You might have had to seek common references between two data tables without these references beging always the same: misspelled names, addresses, descriptions, codes or identifiers different from one organization to the other...
Now docBird CrossReferencer allows you to automatically find similar references between two data tables. This tool is ideal for analyzing large volumes of data and for analyzing information that you frequently use: customer records, product catalogs, lists of bills, classification tables, etc ... Tasks that seemed binding and even impossible before, will now be handled in a few clicks with docBird CrossReferencer.
docBird CrossReferencer determines matches according to your own rules of recognition. It compares the columns you specify (addresses or descriptions for example) using one of the many likeness algorithms the tool features. So you can configure your search rules according to the type of data to analyze.

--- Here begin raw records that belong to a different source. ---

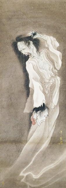 There was a significant vogue for paintings and prints of ghosts in Japan in the 19th century and many restless spirits of the dead haunt Kabuki plays and public storytelling of that period. Kyosai's ghost paintings were among those collected by the master storyteller San'yutei Encho, and exhibited each summer at Zensho-an Temple,Tokyo with ghost stories told in front of them. This example is among the most fascinating: blood drips from the ghost's fangs, and her hooded green eyes are creepily embellished with gold. Tugging herself upwards by the hair, she glides up and away with shrieking grimace on an ectoplasmic cloud. By contrast, the calm, almost resigned, expression of the severed head is all the more unsettling. Ghost paintings were traditionally hung at the stifling height of summer when any chill down the spine was welcome relief.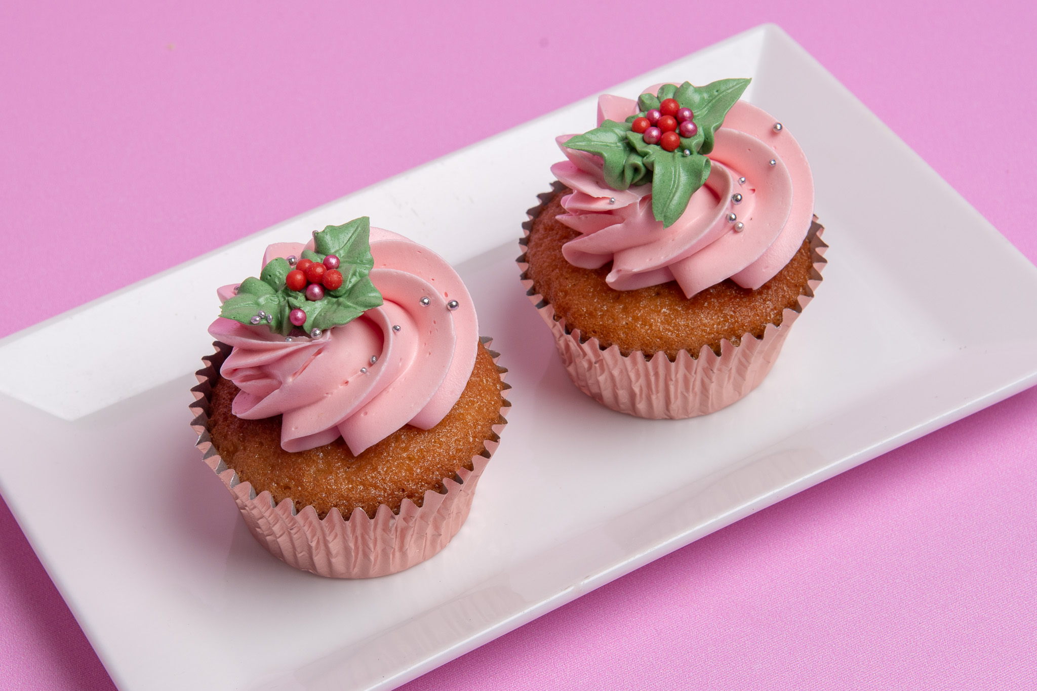 Ieders favoriete bonbon in taartvorm: de praliné taart. Een chocolade cake, gevuld met praliné botercrème en kerstig gedecoreerd.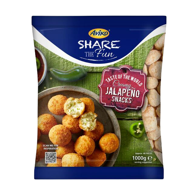 Ce snack est rempli de fromage frais et de morceaux de piment vert, recouvert de chapelure croustillante, précuit et surgelé.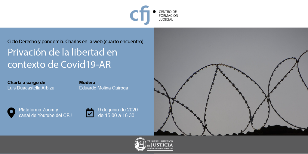 El Centro de Formación Judicial llevó a cabo el martes 9 de junio un nuevo conversatorio del “Ciclo Derecho y pandemia. Charlas en la web” bajo la consigna “Privación de la libertad en contexto de Covid19-AR”. La exposición en esta oportunidad estuvo a cargo del Dr. Luis Duacastella Arbizu y el moderador fue el Dr. Eduardo Molina Quiroga, Secretario Ejecutivo del Centro.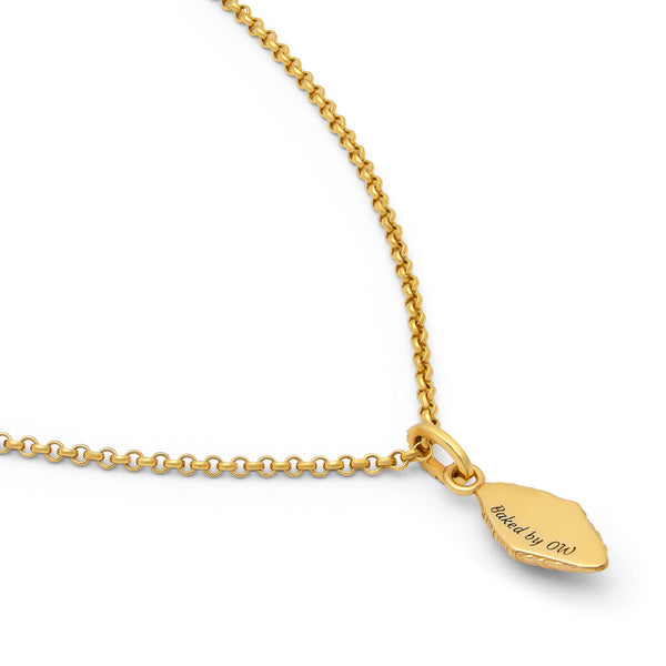 Crafted with delicious detail, in 18ct gold with brilliant cut diamonds, it’s a wink to indulgence, a nod to mornings well spent and a reminder that flakiness isn't always a bad thing! Flip it over and you’ll find a cheeky little secret — engraved with ‘Baked by OW’ on the back.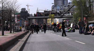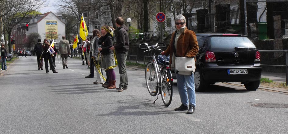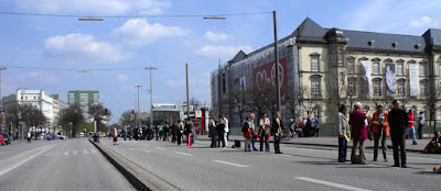 Ich fahre über den Rödingsmarkt in Richtung Innenstadt - was am Rathaus los ist, will ich mir ansehen. An einem Tag wie diesem ist an sich schon mit Touristenoverkill zu rechnen - aber heute ist der Ausnahmezustand perfekt: Die Mönckebergstraße ist eine einzige Laufmeile. Die Kette hat hier keine Löcher mehr, sie haben hier sogar gelbe Atomfässer mitgebracht, Jugendgruppen musizieren, ein Straßentheater gibt den GAU.

Once your recognition rules specified, simply click a button to start the search. docBird CrossReferencer then displays a summary report of results listing the directly found references, the unknown ones and finally those for which the operating tool 'was not sure'. For those, it allows you to manually select the right reference among the list of the most similar ones. At any time you have the opportunity to save the results of your search and to export them as lookup tables in the desired format.
docBird CrossReferencer supports multiple input formats (plain text, CSV, Excel ...). With an intuitive interface, the tool is also easy to use. It also allows you to keep your work (your settings and your search results) in projects.